More people would/will agree with your statement above than what I will say and so I acknowledge that as well. And I'm multi-tasking here which is especially confusing. [MENTION=9486]gromit[/MENTION]
I had an ENFP supervisor that... one day had returned to our office after having been gone all morning visiting a friend of her's in the hospital that had terminal cancer. And she was a bit pale...she didn't say 'hi' or anything...she was just sorta sputtering all around kinda shaking and knocking shit over. So I was like 'wtf?' Basically, she was processing the embarrassment she felt over how many times she caught herself
genuinely complaining about stuff that just... didn't... seem... all that tragic... once verbalized to someone dying in the hospital.

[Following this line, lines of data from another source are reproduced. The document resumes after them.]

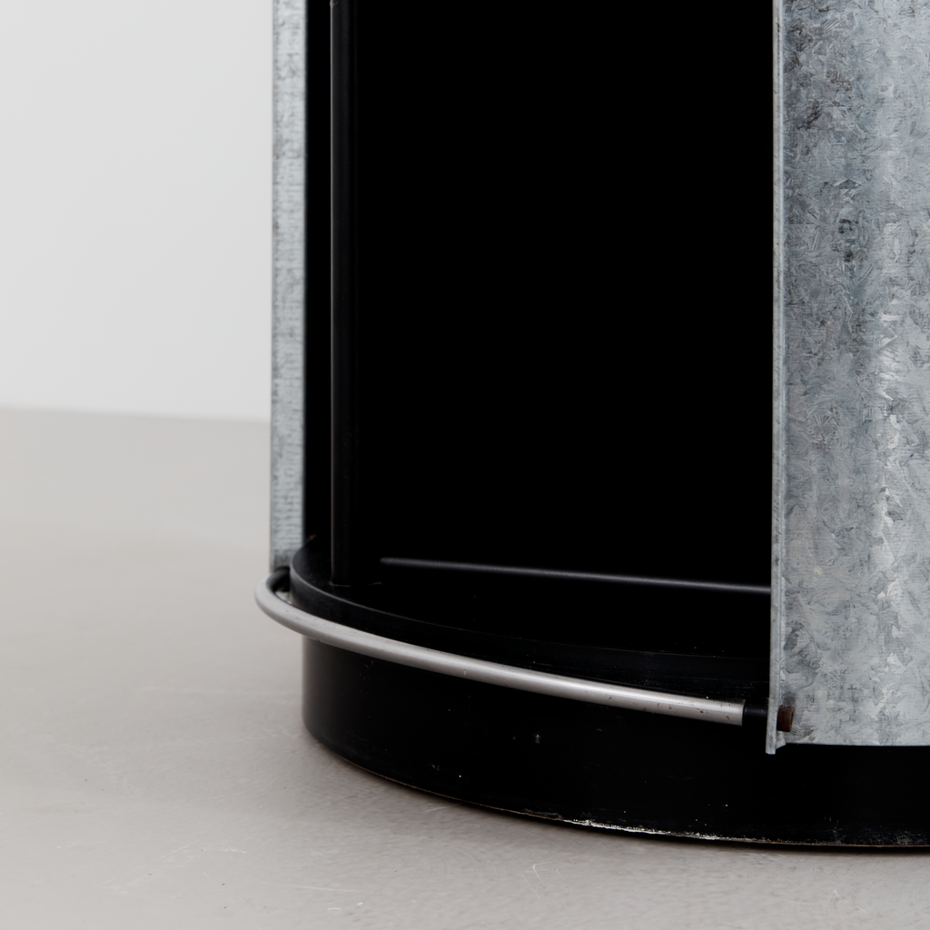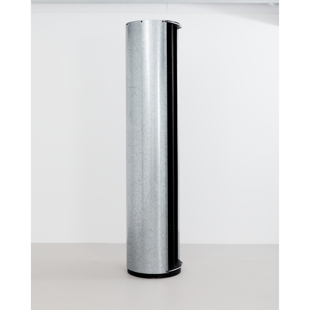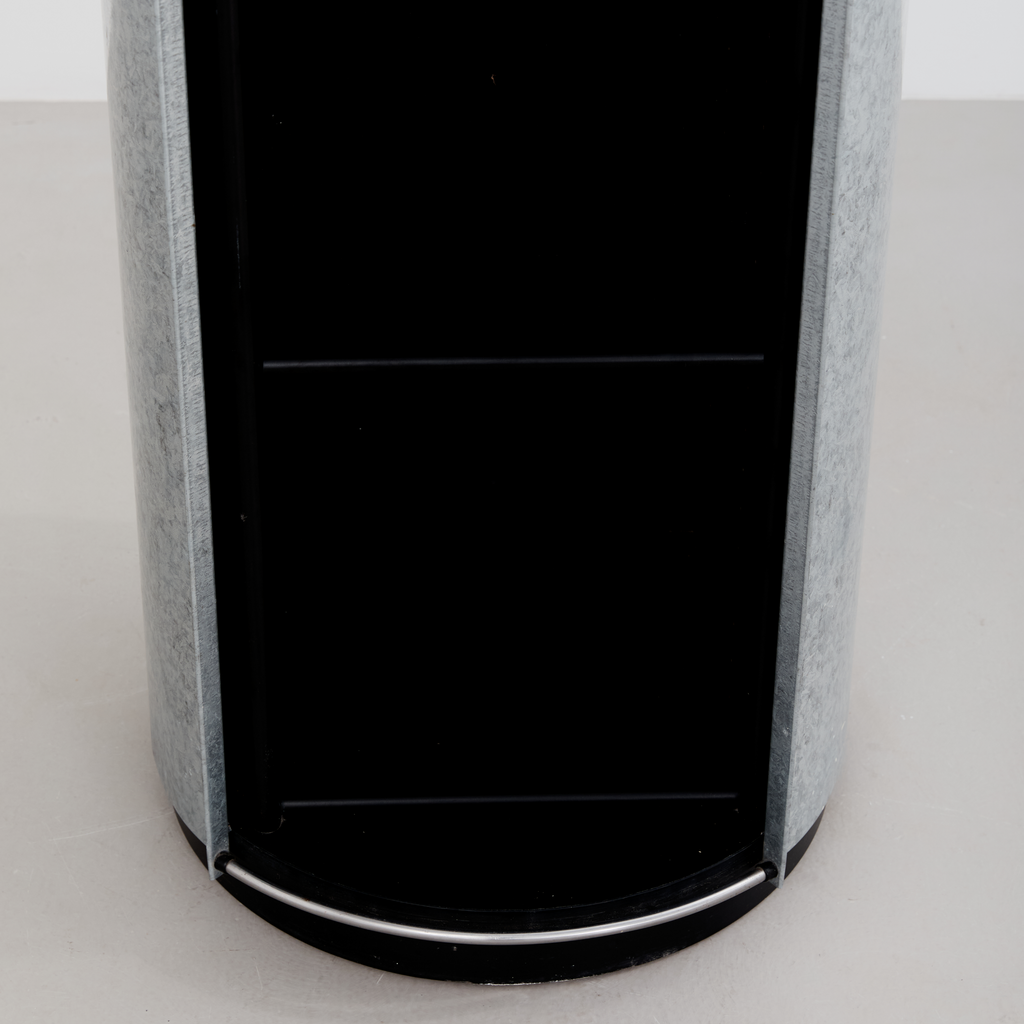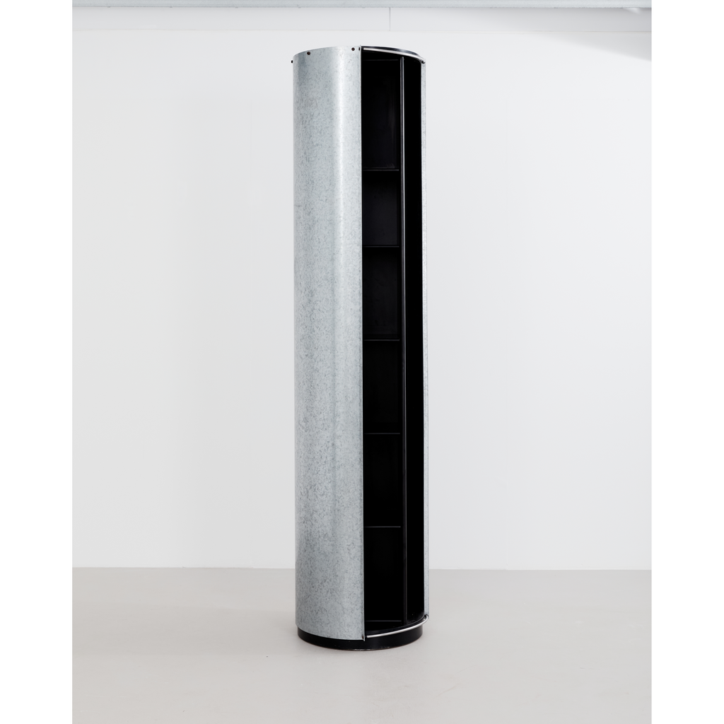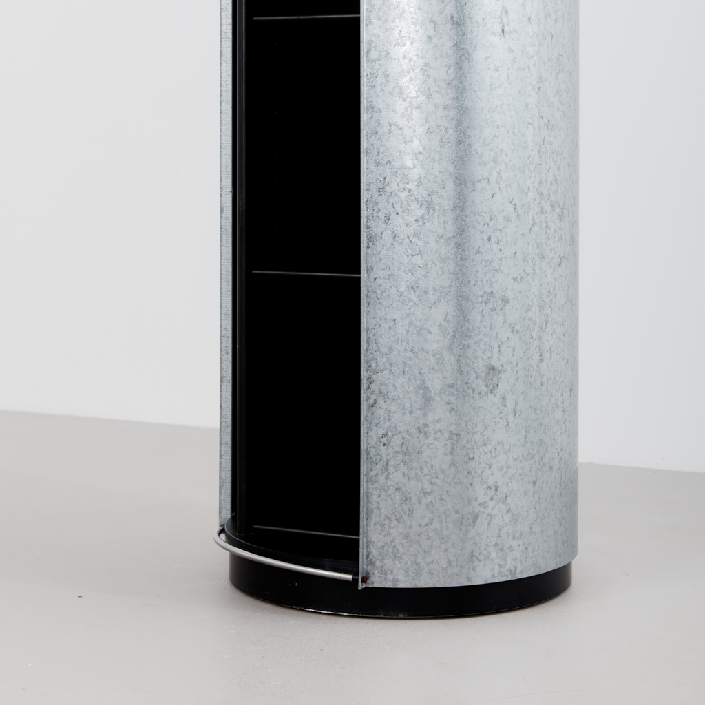 No. 13 pillar cabinet in galvanised steel by Hans Eichenberger for Swiss manufacturer, Wogg. Designed in 1994, this design classic cylinder shelving unit features adjustable shelves and distinctive rotating magnetic outer shell that slides around the fixed interior, giving you the option of discreet display.
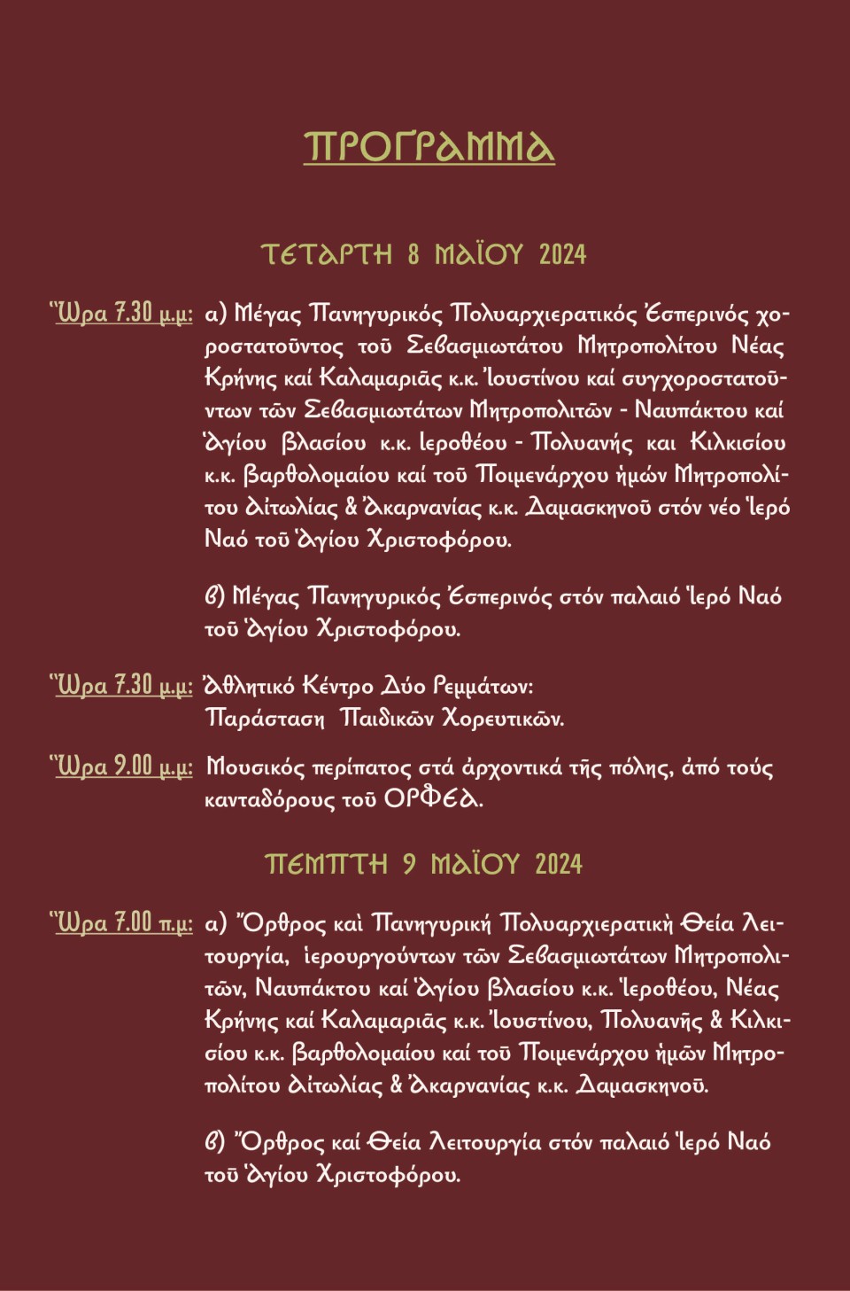 Ὁ Σεβασμιώτατος Μητροπολίτης Αιτωλίας & Ακαρνανίας κ.κ. Δαμασκηνὸς και ο Δήμαρχος Αγρινίου κ. Γεώργιος Παπαναστασίου σας προσκαλούν στις εορταστικές και λατρευτικές εκδηλώσεις προς τιμήν του Αγίου Ενδόξου Μεγαλομάρτυρος Χριστοφόρου, Προστάτου καὶ Πολιούχου της πόλεως του Αγρινίου, οι οποίες θα πραγματοποιηθούν από 8 έως 14 Μαΐου 2024.
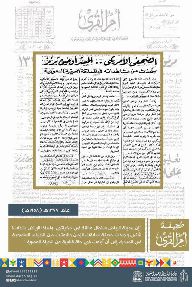 اخبار 24 کے مطابق ام القری جریدے نے 1958 میں امریکی صحافی کے ریاض مشاہدات شائع کیے تھے-
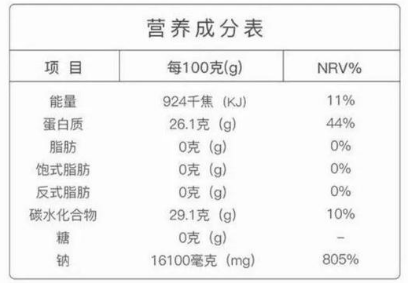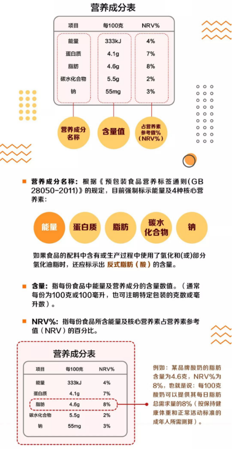 每一种预包装食品营养成分表都必须注明5个基本营养数据,即能量、蛋白质、脂肪、碳水化合物和钠含量,以及这些含量占一日营养供应参考值(NRV)的比例。
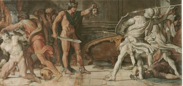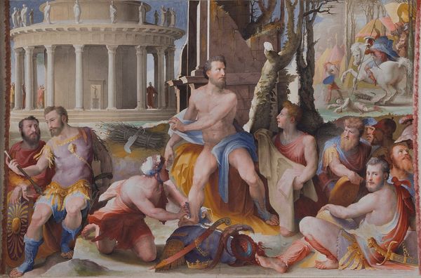 Editor: So, here we have Reinhold Timm's "A Sculptor's Studio," made with oil paint sometime between 1618 and 1639. It definitely strikes me as crowded and busy, all these figures crammed into one space. How do you interpret this work? Curator: The crowding is crucial. It depicts a moment ripe with intersecting ideologies. Notice the dynamic between the artist, laboring physically, and the presence of the idealized sculpture of Mercury. How does this contrast highlight the status, or lack thereof, of the artisan in that period, compared to the celebrated classical figures? What does it say about labor, skill, and creative expression being viewed as high art versus a more commonplace profession? Editor: It feels like it's almost questioning who deserves the most honor in the creative process. Curator: Precisely! This work also speaks to the hierarchies within the studio itself. Observe who is given space, and who is relegated to the background. Does this tell us anything about gender, class, or perhaps even race within artistic workshops of the time? What might the seemingly detached, almost melancholic figures represent within this framework of labor? Editor: That's true. I hadn't considered who was actually centered. So it is almost acting like a historical document with some contemporary reflection from the artist? Curator: Exactly. And how does that tension, that inherent questioning, resonate with our own time when considering who has the power to create, to be seen, and whose stories are elevated above others? It brings visibility to the unsung heroes within these narratives and invites critical discourse on equity, identity, and creative ownership. Editor: Wow, I'm definitely looking at this painting in a completely new light now, realizing it has multiple historical narratives. Thank you! Curator: My pleasure! It's a journey of collaborative uncovering of embedded histories and perspectives that keeps art history vibrant.
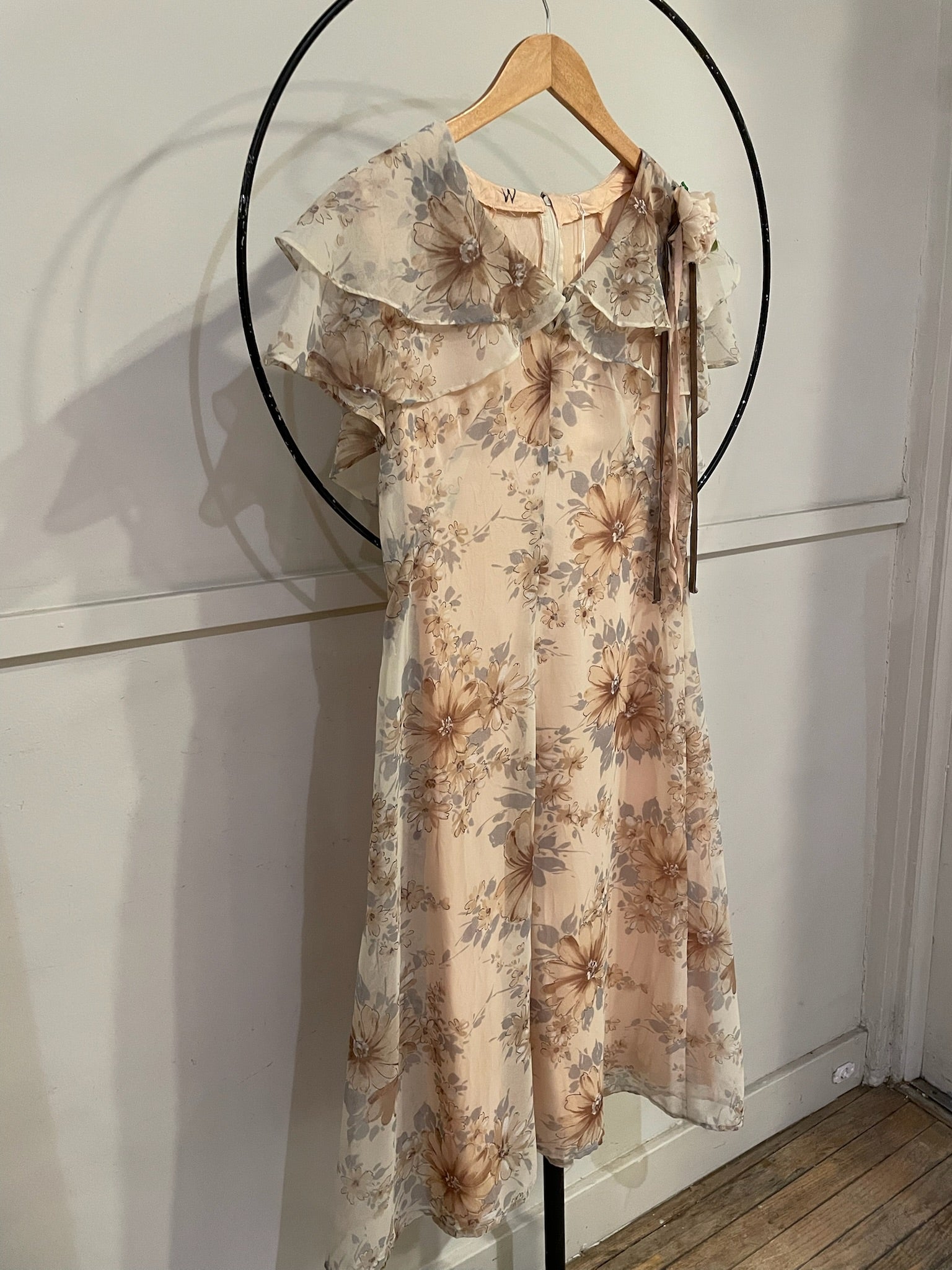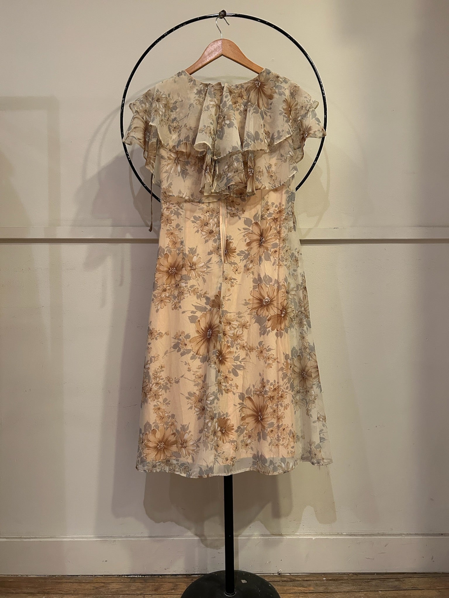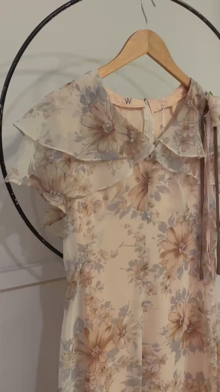 60s Floral Flutter Crepe Dress
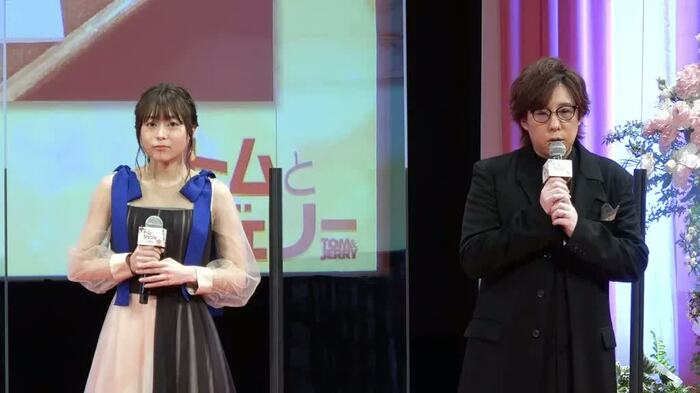3月3日(水)映画「トムとジェリー」プレミアムイベントが行われ、ゲストに霜降り明星(せいや、粗品)と飯豊まりえ、声優の水瀬いのり、日野聡が登壇した。

Now, my supervisor did blurt-out an apology for her behavior...to which her friend responded by mentioning this sort of Zen-like ideology...this notion that "we can't judge another person's suffering" <-And since this time I have poured thousands of hours into the consideration of this one precept. Ultimately concluding that that is absolute bullshit haha.
I mean, I think if you are dying in the hospital... listening to your friend discuss how she just can't recover from her last relationship that lasted 3 days...saying to yourself "we can't judge another person's suffering" is probably the smart thing to do. If, however, you have a difficult time seeing past your own narcissism...and one day find yourself complaining to a terminally ill person about men and work and 'just how hard you have it'...in my mind...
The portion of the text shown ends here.